Но здесь, как мне казалось, и это, конечно, было очень правильно, нельзя было переигрывать, и инициатива такого признания ни в коем случае не должна была исходить от меня, потому что это было бы очень легкой победой следователя и, естественно, могло бы вызвать его подозрения. Признание в недозволенных разговорах с совершенно мне незнакомыми людьми и, желательно, в пьяном виде (что у трезвого на уме – то у пьяного на языке) Касаткин должен был из меня долго и нудно вытягивать.
Когда он стал уводить разговор в сторону моей эрудированности и болтливости, я понял, что все-таки он клюнул на булановскую приманку. Первым делом он начал наталкивать меня на разговоры о Сталине, но в ответ я с большим энтузиазмом стал восхвалять своего великого вождя, для выполнения предначертаний которого я не жалел в Испании своей молодой жизни. Поняв, что и о Сталине у него не прорежет, Касаткин начал щупать дальше: про советский строй, про колхозы, про НКВД, а когда дошел до Троцкого, то я понял, что дальше мне упираться нельзя.
Сначала я вспомнил, что во время службы в ЦДКА моим начальником был В. И. Мутных, в тюрьме мне стало известно, что вместе со многими другими высшими военачальниками он был арестован как троцкист. Услышав эту фамилию, Касаткин насторожился, но когда узнал, что за время службы в ЦДКА я всего два раза разговаривал с Мутных, сразу сник, потому что пришить меня к делу Мутных было нельзя, ведь я никогда в партии не состоял и к троцкистской оппозиции примкнуть не мог.

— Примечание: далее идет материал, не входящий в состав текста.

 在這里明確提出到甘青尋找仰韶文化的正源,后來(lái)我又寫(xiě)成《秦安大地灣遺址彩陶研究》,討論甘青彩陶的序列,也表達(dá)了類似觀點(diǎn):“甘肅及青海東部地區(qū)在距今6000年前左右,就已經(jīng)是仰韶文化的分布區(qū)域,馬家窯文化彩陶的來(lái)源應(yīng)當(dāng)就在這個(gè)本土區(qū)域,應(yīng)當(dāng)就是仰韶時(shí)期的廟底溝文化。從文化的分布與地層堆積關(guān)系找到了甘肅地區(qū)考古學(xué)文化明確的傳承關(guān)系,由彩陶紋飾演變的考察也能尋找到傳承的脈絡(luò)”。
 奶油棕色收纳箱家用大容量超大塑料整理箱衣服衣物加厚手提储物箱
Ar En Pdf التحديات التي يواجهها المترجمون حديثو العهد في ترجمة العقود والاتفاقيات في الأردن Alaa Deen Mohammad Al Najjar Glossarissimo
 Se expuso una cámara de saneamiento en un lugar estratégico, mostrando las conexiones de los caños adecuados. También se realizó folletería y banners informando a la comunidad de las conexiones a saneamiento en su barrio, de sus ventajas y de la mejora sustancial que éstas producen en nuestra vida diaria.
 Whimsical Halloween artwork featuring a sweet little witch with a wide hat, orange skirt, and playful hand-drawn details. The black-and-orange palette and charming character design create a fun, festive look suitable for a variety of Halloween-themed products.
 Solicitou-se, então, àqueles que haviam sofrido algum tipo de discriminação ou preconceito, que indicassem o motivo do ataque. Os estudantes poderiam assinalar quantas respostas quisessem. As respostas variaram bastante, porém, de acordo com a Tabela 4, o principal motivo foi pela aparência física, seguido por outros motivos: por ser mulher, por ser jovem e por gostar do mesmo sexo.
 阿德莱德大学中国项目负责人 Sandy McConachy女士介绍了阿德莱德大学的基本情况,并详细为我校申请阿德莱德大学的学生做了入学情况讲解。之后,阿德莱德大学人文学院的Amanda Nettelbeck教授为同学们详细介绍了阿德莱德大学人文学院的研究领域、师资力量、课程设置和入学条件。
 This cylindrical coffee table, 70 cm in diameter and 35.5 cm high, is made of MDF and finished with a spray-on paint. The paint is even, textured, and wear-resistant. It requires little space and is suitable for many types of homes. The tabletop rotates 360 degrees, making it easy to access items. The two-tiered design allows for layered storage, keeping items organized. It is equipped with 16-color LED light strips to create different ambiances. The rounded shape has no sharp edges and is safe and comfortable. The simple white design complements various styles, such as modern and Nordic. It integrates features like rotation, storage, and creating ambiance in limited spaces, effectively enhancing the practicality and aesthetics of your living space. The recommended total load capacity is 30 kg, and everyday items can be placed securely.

Но своей цели я все же достиг: на вопрос Касаткина, что я знаю о Троцком, я ответил, что хотя Троцкого я никогда в жизни не видал и не слыхал, ни с кем из бывших троцкистов никогда в жизни не встречался и никакой троцкистской литературы никогда и в глаза не видал, но слыхал, что Троцкий принимал активное участие в Гражданской войне и считался, после Ленина, лучшим оратором. Когда Касаткин спросил у меня, откуда я получил такую информацию, то, понимая, что ему нужна любая фамилия, назвал своего двоюродного дядю – участника Гражданской войны, умершего лет десять назад. Касаткин записал фамилию дяди.
Я, конечно, над ним смеялся: «Пиши, – думаю. – Дурак! Поищи-ка и арестуй его на том свете, тем более и жена его умерла, а детей у них не было». Делая вид, что все это его не очень интересует, Касаткин вскользь осведомился, не делился ли я такой информацией со своими знакомыми и сослуживцами? Я, недолго думая, ему ответил, что поскольку я сталкивался с работниками его ведомства во время работы в ЦДКА по радиосвязи с лагерями ГУЛАГа, был вполне осведомлен о наличии их информаторов буквально везде и прекрасно знал, что мне грозит в случае доноса о таких моих разговорах, то, естественно, вел себя очень осторожно и никогда ни с кем из своих знакомых или сослуживцев никаких разговоров о Троцком не вел. Касаткин, конечно, усомнился: «Ты такой болтливый и мог по такому интересному вопросу долго держать язык за зубами? Кто тебе в этом поверит? Уж с кем-нибудь ты ведь наверняка поделился этими сведениями?»